Revisiting the radio interferometer measurement equation. IV. A generalized tensor formalism

TL;DR

This paper introduces a tensor-based formalism for radio interferometry measurement equations, overcoming limitations of the traditional matrix approach, and enabling more comprehensive modeling of modern observational scenarios.

Contribution

It develops a generalized tensor formalism for the radio interferometer measurement equation, extending its applicability to complex scenarios like wide-field polarimetry and phased array feeds.

Findings

Tensor formalism describes beamforming, mutual coupling, and wide-field polarimetry.

Tensor equations reduce to 2x2 RIME under certain assumptions.

Proposes methods for practical implementation of tensor equations.

Abstract

The radio interferometer measurement equation (RIME), especially in its 2x2 form, has provided a comprehensive matrix-based formalism for describing classical radio interferometry and polarimetry, as shown in the previous three papers of this series.
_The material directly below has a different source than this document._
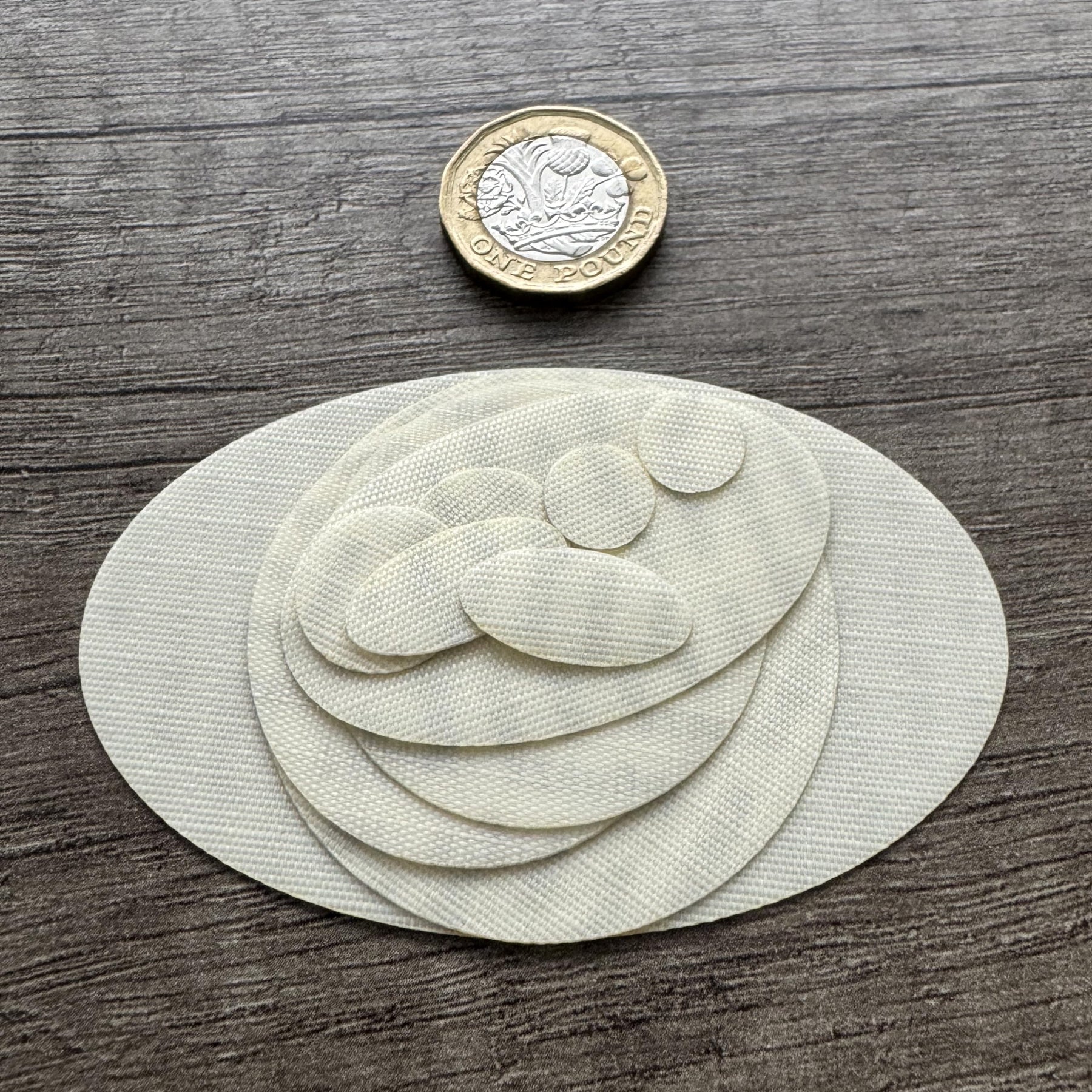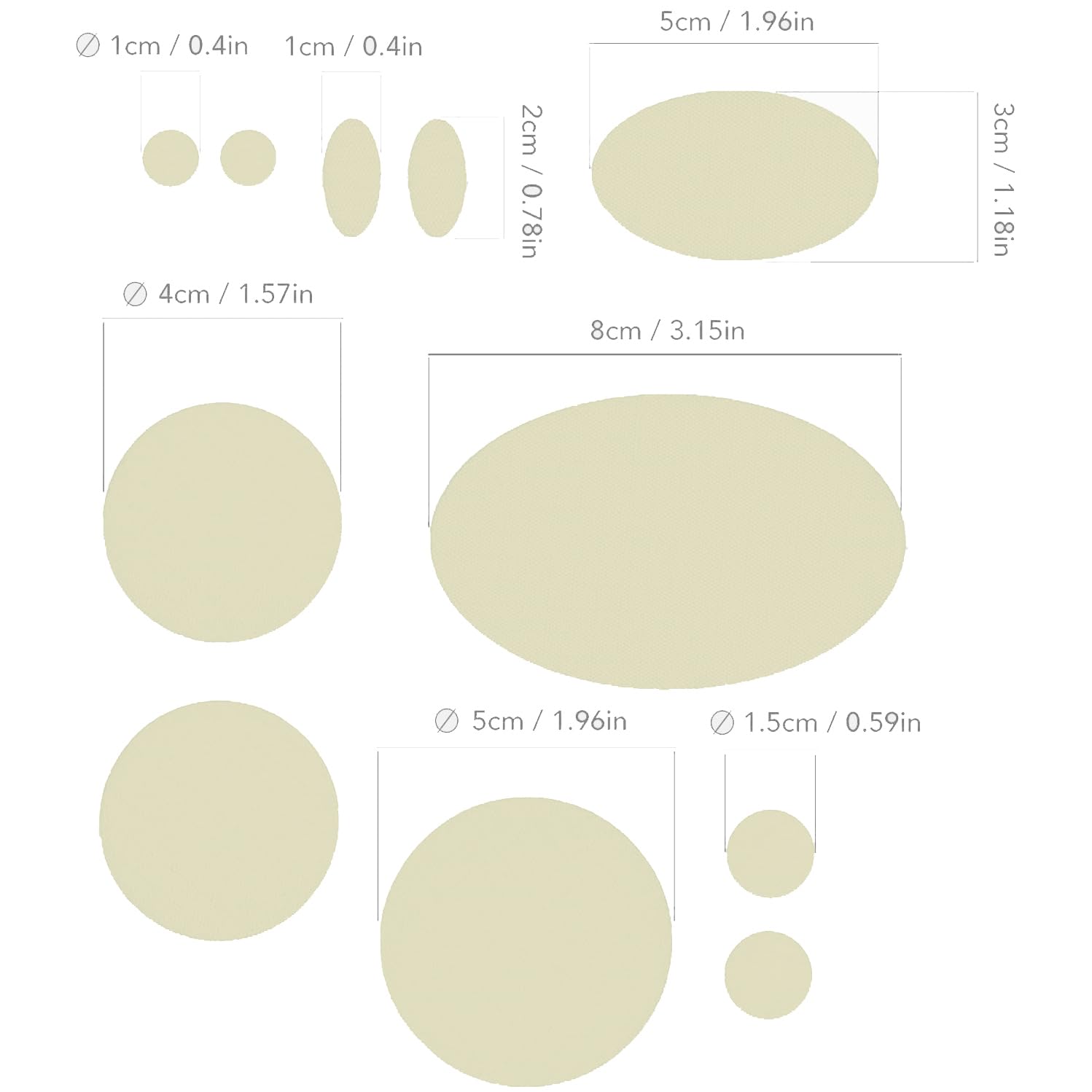 • 11 DIFFERENT SHAPES AND SIZES - each mending set includes 11 pre-cut, self-adhesive, high-quality, soft patches (1 oval 3.15x1.9in, 1 oval 1.18x1.96in, 2 ovals 0.4x0.78in each, 1 circle 1.96in diameter, 2 circles 1.57in, 2 circles 0.59in and 2 circles 0.4in)

However, recent practical and theoretical developments, such as phased array feeds (PAFs), aperture arrays (AAs) and wide-field polarimetry, are exposing limitations of the formalism. This paper aims to develop a more general formalism that can be used to both clearly define the limitations of the matrix RIME, and to describe observational scenarios that lie outside these limitations. Some assumptions underlying the matrix RIME are explicated and analysed in detail. To this purpose, an array correlation matrix (ACM) formalism is explored. This proves of limited use; it is shown that matrix algebra is simply not a sufficiently flexible tool for the job. To overcome these limitations, a more general formalism based on tensors and the Einstein notation is proposed and explored both theoretically, and with a view to practical implementations. The tensor formalism elegantly yields generalized RIMEs describing beamforming, mutual coupling, and wide-field polarimetry in one equation. It is shown that under the explicated assumptions, tensor equations reduce to the 2x2 RIME. From a practical point of view, some methods for implementing tensor equations in an optimal way are proposed and analysed. The tensor RIME is a powerful means of describing observational scenarios not amenable to the matrix RIME. Even in cases where the latter remains applicable, the tensor formalism can be a valuable tool for understanding the limits of such applicability.